## What is being asked
Starting from the line with "贵阳市民与警察新装备零距离接触。中新社发 吴东俊 摄" and going up to and including the line with "压缩空气管道完好要求和检查评定方法 SJ/T31451-1994 标准下载解压密码:www.bzxz.net", copy the listing below exactly. Leave all images out.

## Listed entries
━━━━━━━━━━━━━━━━
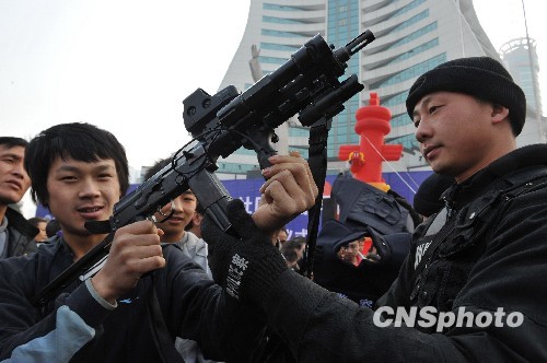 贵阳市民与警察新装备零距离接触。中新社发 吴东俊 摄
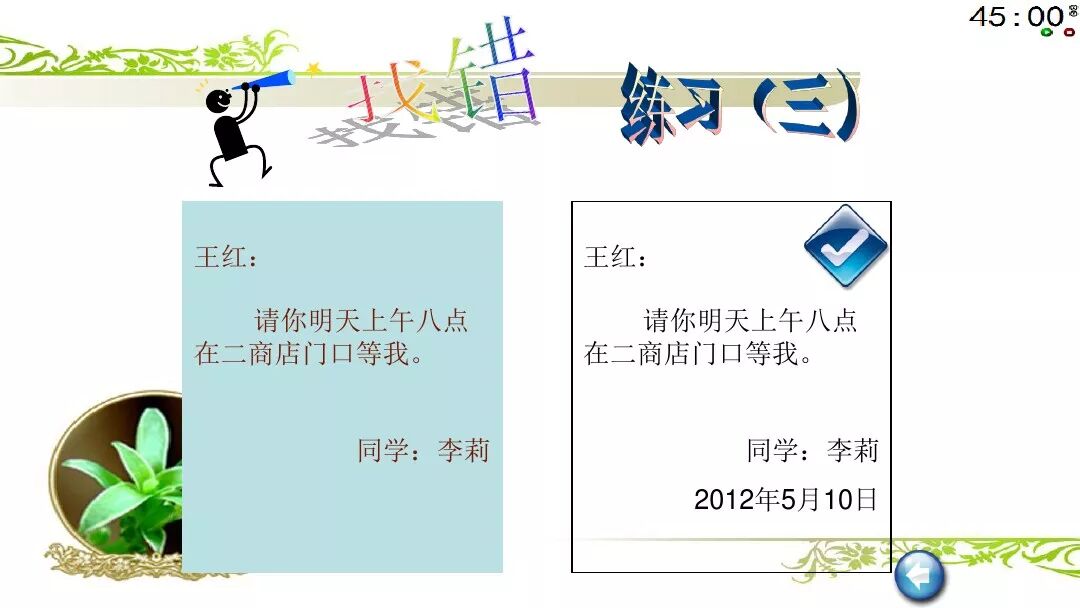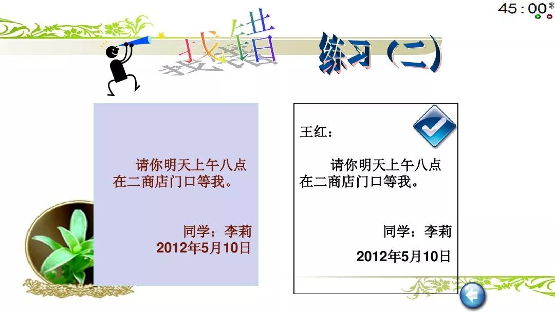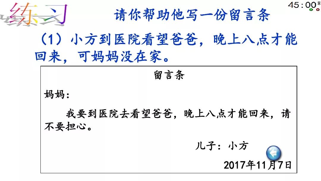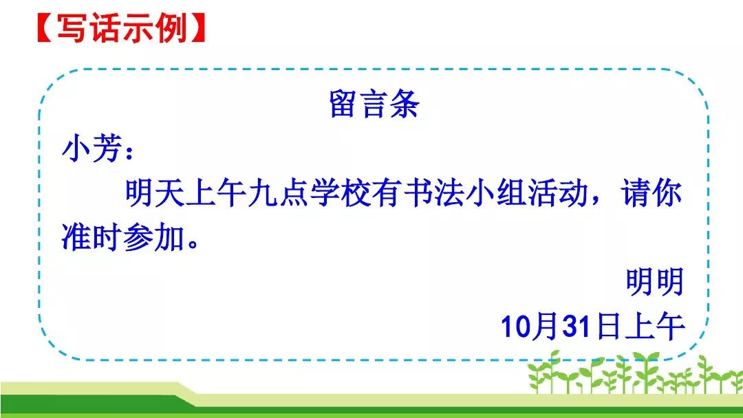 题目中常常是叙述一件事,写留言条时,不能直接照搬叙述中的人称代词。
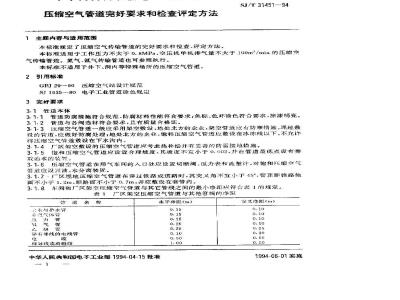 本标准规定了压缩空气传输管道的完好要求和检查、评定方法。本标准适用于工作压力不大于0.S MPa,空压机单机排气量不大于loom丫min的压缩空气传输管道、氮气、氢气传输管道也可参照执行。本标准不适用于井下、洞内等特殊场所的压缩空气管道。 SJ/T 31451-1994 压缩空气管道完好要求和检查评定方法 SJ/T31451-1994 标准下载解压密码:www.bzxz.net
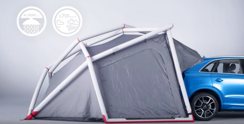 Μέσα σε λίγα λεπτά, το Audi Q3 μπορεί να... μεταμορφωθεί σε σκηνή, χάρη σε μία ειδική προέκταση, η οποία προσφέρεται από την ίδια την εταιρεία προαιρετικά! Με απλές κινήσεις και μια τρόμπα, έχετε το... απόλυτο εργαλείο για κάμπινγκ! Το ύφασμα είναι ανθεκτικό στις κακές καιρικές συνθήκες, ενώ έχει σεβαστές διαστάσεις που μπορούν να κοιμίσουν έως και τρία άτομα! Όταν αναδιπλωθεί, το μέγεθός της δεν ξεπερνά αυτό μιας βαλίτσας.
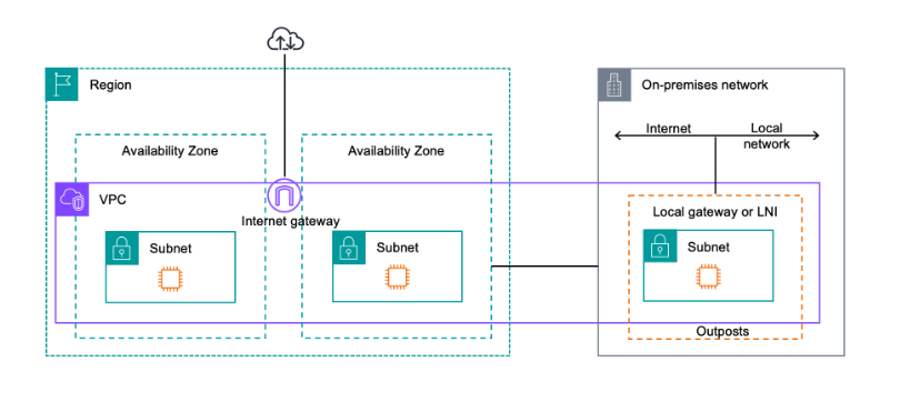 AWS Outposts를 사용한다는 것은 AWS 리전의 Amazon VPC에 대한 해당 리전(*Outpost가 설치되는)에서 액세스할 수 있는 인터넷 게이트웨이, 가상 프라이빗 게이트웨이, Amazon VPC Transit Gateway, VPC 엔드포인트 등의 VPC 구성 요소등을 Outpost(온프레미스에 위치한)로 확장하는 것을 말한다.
━━━━━━━━━━━━━━━━
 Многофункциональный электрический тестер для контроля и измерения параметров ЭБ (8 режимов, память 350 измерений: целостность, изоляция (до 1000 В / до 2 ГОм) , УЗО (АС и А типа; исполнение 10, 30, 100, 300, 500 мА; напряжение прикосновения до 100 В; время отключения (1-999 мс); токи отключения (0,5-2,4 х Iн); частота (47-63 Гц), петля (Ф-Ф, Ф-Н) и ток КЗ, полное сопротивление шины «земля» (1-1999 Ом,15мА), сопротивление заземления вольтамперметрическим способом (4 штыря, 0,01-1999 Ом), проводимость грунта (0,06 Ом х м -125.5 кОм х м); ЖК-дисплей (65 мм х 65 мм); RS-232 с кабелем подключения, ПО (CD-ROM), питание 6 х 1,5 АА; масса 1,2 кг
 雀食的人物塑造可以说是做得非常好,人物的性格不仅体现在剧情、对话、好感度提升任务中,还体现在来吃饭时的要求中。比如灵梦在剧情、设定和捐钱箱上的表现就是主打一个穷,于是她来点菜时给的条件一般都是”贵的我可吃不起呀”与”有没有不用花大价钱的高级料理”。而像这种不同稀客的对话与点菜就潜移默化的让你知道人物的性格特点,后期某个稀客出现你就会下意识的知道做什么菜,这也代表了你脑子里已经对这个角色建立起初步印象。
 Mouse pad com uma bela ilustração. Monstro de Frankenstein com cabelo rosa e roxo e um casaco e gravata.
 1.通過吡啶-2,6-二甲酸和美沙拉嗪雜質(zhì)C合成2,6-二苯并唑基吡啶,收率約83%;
━━━━━━━━━━━━━━━━
## Solved exercise
 贵阳市民与警察新装备零距离接触。中新社发 吴东俊 摄
 题目中常常是叙述一件事,写留言条时,不能直接照搬叙述中的人称代词。
 本标准规定了压缩空气传输管道的完好要求和检查、评定方法。本标准适用于工作压力不大于0.S MPa,空压机单机排气量不大于loom丫min的压缩空气传输管道、氮气、氢气传输管道也可参照执行。本标准不适用于井下、洞内等特殊场所的压缩空气管道。 SJ/T 31451-1994 压缩空气管道完好要求和检查评定方法 SJ/T31451-1994 标准下载解压密码:www.bzxz.net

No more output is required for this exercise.